Combining Theorem 2, Theorem 1 and Lemma 1, the thresholding representation of \((QP_{a}^{\lambda})\) can be concluded by

$$ x^{\ast}=G_{a,\lambda\mu}\bigl(B_{\mu} \bigl(x^{\ast}\bigr)\bigr), $$

(22)

where the operator \(G_{a,\lambda\mu}\) is defined in Definition 1 and obtained by replacing *λ* with *λμ*. With the thresholding representations (22), the IFTA for solving the regularization problem \((QP_{a}^{\lambda})\) can be naturally defined as

$$ x^{k+1}=G_{a, \lambda\mu}\bigl(B_{\mu} \bigl(x^{k}\bigr)\bigr),\quad k=0,1,2,\ldots, $$

(23)

where \(B_{\mu}(x^{k})=x^{k}+\mu F(x^{k})^{\top}(b-F(x^{k})x^{k})\).

### 3.2 Adjusting the values for the regularization parameter \(\lambda>0\)

In this subsection, the cross-validation method (see [9, 10, 12]) is accepted to automatically adjust the value for the regularization parameter \(\lambda>0\). In other words, when some prior information is known for a regularization problem, this selection is more reasonable and intelligent. Suppose that the vector \(x^{\ast}\) of sparsity *r* is the optimal solution of the regularization problem \((QP_{a}^{\lambda})\), and without loss of generality, set

$$\bigl\vert B_{\mu}\bigl(x^{\ast}\bigr) \bigr\vert _{1}\geq \bigl\vert B_{\mu}\bigl(x^{\ast}\bigr) \bigr\vert _{2}\geq\cdots\geq \bigl\vert (B_{\mu} \bigl(x^{\ast}\bigr) \bigr\vert _{r}\geq \bigl\vert (B_{\mu}\bigl(x^{\ast}\bigr) \bigr\vert _{r+1}\geq \cdots \geq \bigl\vert (B_{\mu}\bigl(x^{\ast}\bigr) \bigr\vert _{n}\geq0. $$

Then it follows from (14) that

$$\begin{aligned} &\bigl\vert B_{\mu}\bigl(x^{\ast}\bigr) \bigr\vert _{i}>t_{a,\lambda\mu}^{\ast}\quad\Leftrightarrow\quad i\in\{1,2,\ldots,r \}, \\ &\bigl\vert B_{\mu}\bigl(x^{\ast}\bigr) \bigr\vert _{i}\leq t_{a,\lambda\mu}^{\ast}\quad\Leftrightarrow\quad i\in\{r+1,r+2, \ldots,n\}, \end{aligned}$$

where \(t_{a,\lambda\mu}^{\ast}\) is obtained by replacing *λ* with *λμ* in \(t_{a,\lambda}^{\ast}\).

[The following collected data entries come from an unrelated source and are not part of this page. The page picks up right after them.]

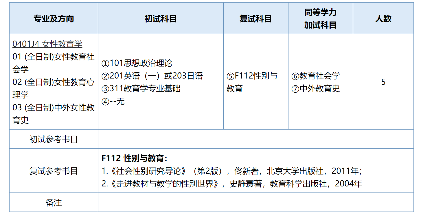 欢迎对性别研究有兴趣的具有推免资格的学生申请南师大女性教育学硕士研究生!
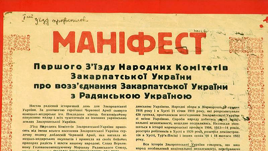 V Mukačeve sa uskutočnil I. zjazd národných výborov Zakarpatskej Ukrajiny. Toto zhromaždenie bolo priamym výsledkom intenzívnej a koordinovanej činnosti politických orgánov 4. ukrajinského frontu pod vedením generála L. Mechlisa, jeho zástupcov (plk. L. Brežnev, plk. I. Ťulpanov) a zástupcov NKVD. Z Kyjeva na zjazd pricestovala špeciálna skupina vedená členom ÚV KS(b)U A. Čekaňukom.
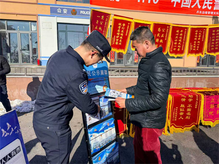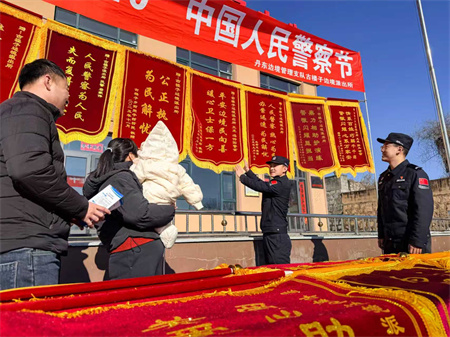 和煦暖阳遍洒庭院,大红横幅醒目高悬。1月8日,在辽宁宽甸满族自治县古楼子乡南荒沟村委会大院,丹东边境管理支队古楼子边境派出所民警身着藏青蓝警服,热情接待到场村民,共同开展“警民同心护平安”警察节主题宣传活动。民警以锦旗为媒,诉说背后的警察故事,并以此次活动为契机,贴心为群众答疑解惑、向人民汇报工作答卷,推动“红心蓝盾 边江锋警”党建品牌扎根基层,持续厚植警民鱼水深情。
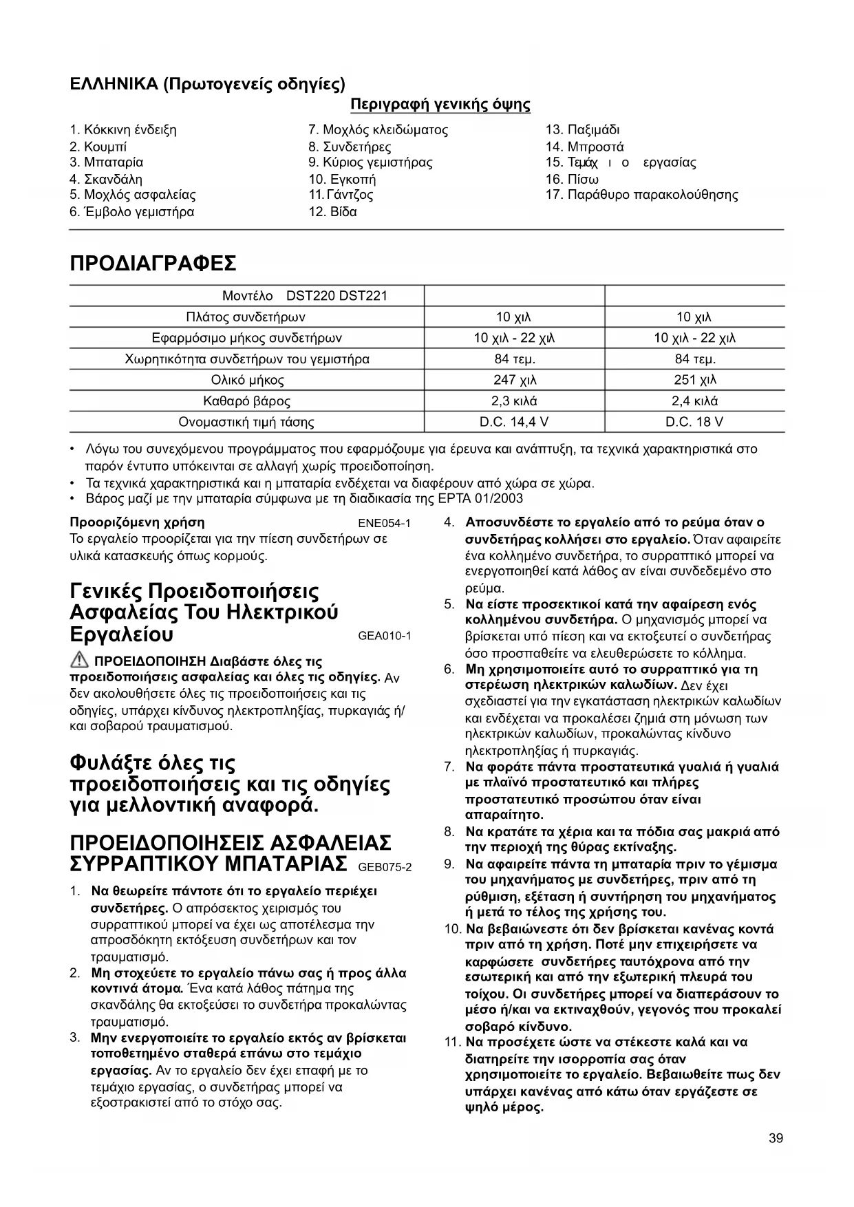 GEA010-1 ΠΡΟΕΙΔΟΠΟΙΗΣΗ Διαβάστε όλες τις προειδοποιήσεις ασφαλείας και όλες τις οδηγίες.
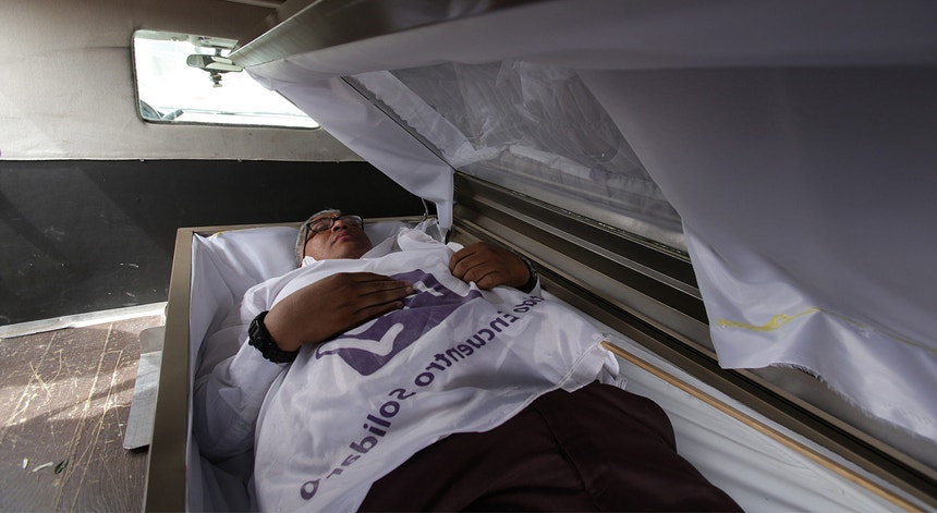 Um candidato a um dos parlamentos regionais do México lançou a campanha eleitoral deitado num caixão, para sublinhar as milhares de mortes causadas pela pandemia da covid-19 e pela violência associada aos cartéis.
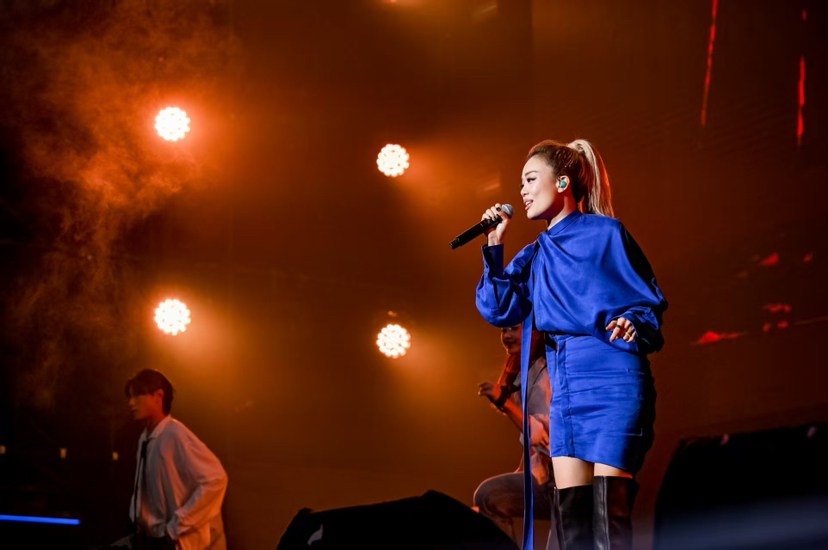 当晚的演出中,四位歌手轮番登场,用歌声点燃观众热情。关智斌率先亮相,以《LALA世界》《勇气情歌》带动全场节奏,随后献唱内地首唱曲目《永远的彼得潘》,并以经典合唱改编版《死性不改》引发全场大合唱;泳儿则以《ride it out》展现动感一面,随后用《花无雪》《普通朋友》《完全因你》等抒情佳作展现细腻声线,最终以代表作《感应》收尾,尽显实力派唱将风范;洪卓立带来《弥敦道》《你好吗》《回到最爱的那天》《目前》多首治愈系歌曲,熟悉的旋律让现场观众沉浸其中,《少年游记》更传递出青春朝气;压轴登场的容祖儿气场全开,《隆重登场》《没关系》接连引爆气氛,而《痛爱》《心淡》《挥着翅膀的女孩》等金曲则展现了她扎实的唱功与情感张力,最终以《越唱越强》收尾,全场灯光与荧光棒交织成星海,为演出画上完美句点。
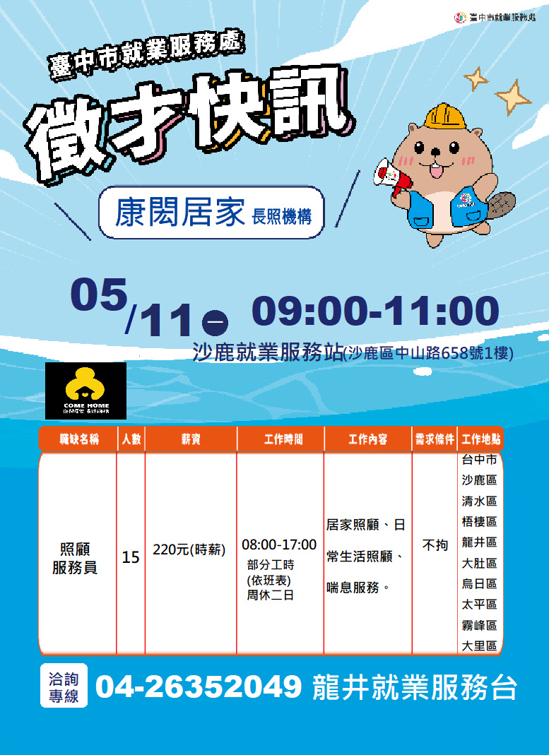 工作地點:台中市沙鹿區、清水區、梧棲區、龍井區、大肚區、烏日區、太平區、霧峰區、大里區

By \(t_{a,\lambda\mu}^{2}\leq t_{a,\lambda\mu}^{1}\), we have

$$ \textstyle\begin{cases} \vert B_{\mu}(x^{\ast}) \vert _{r}\geq t_{a,\lambda\mu}^{\ast}\geq t_{a,\lambda\mu}^{2}=\sqrt{\lambda\mu}-\frac{1}{2a}; \\ \vert B_{\mu}(x^{\ast}) \vert _{r+1}< t_{a,\lambda\mu}^{\ast}\leq t_{a,\lambda \mu}^{1}=\frac{\lambda\mu}{2}a. \end{cases} $$

(24)

It follows that

$$ \frac{2 \vert B_{\mu}(x^{\ast}) \vert _{r+1}}{a\mu}\leq\lambda\leq\frac {(2a \vert B_{\mu}(x^{\ast}) \vert _{r}+1)^{2}}{4a^{2}\mu}. $$

(25)

From (25), we obtain

$$\lambda\in \biggl[\frac{2 \vert B_{\mu}(x^{\ast}) \vert _{r+1}}{a\mu}, \frac {(2a \vert B_{\mu}(x^{\ast}) \vert _{r}+1)^{2}}{4a^{2}\mu} \biggr]. $$

We denote by \(\lambda_{1}\) and \(\lambda_{2}\) the left and the right of the above interval, respectively:

$$\lambda_{1}=\frac{2 \vert B_{\mu}(x^{\ast}) \vert _{r+1}}{a\mu}\quad \text{and}\quad \lambda_{2}= \frac{(2a \vert B_{\mu}(x^{\ast }) \vert _{r}+1)^{2}}{4a^{2}\mu}. $$

A choice of *λ* is

$$\lambda=\textstyle\begin{cases} \lambda_{1} & \text{if } \lambda_{1}\leq\frac{1}{a^{2}\mu }; \\ \lambda_{2} & \text{if } \lambda_{1}>\frac{1}{a^{2}\mu}. \end{cases} $$

Since \(x^{\ast}\) is unknown, and \(x^{k}\) is the best available approximation to \(x^{\ast}\), so we can take

$$ \lambda=\textstyle\begin{cases} \lambda_{1,k}=\frac{2 \vert B_{\mu}(x^{k}) \vert _{r+1}}{a\mu} & \text{if } \lambda_{1,k}\leq\frac{1}{a^{2}\mu}; \\ \lambda_{2,k}=\frac{(2a \vert B_{\mu}(x^{k}) \vert _{r}+1)^{2}}{4a^{2}\mu} & \text{if } \lambda_{1,k}>\frac{1}{a^{2}\mu}, \end{cases} $$

(26)

in the *k*th iteration. That is, (26) can be used to automatically adjust the value of the regularization parameter \(\lambda >0\) during iteration.

### Remark 1

Notice that (26) is valid for any \(\mu>0\) satisfying \(0<\mu \leq \Vert F(x_{k}) \Vert _{2}^{-2}\). In general, we can take \(\mu=\mu _{k}=\frac{1-\epsilon}{ \Vert F(x_{k}) \Vert _{2}^{2}}\) with any small \(\epsilon\in(0,1)\) below. Especially, the threshold value is \(t_{a,\lambda\mu}^{\ast}=\frac{\lambda\mu}{2}a\) when \(\lambda=\lambda_{1,k}\), and \(t_{a,\lambda\mu}^{\ast}=\sqrt{\lambda\mu}-\frac{1}{2a}\) when \(\lambda=\lambda_{2,k}\).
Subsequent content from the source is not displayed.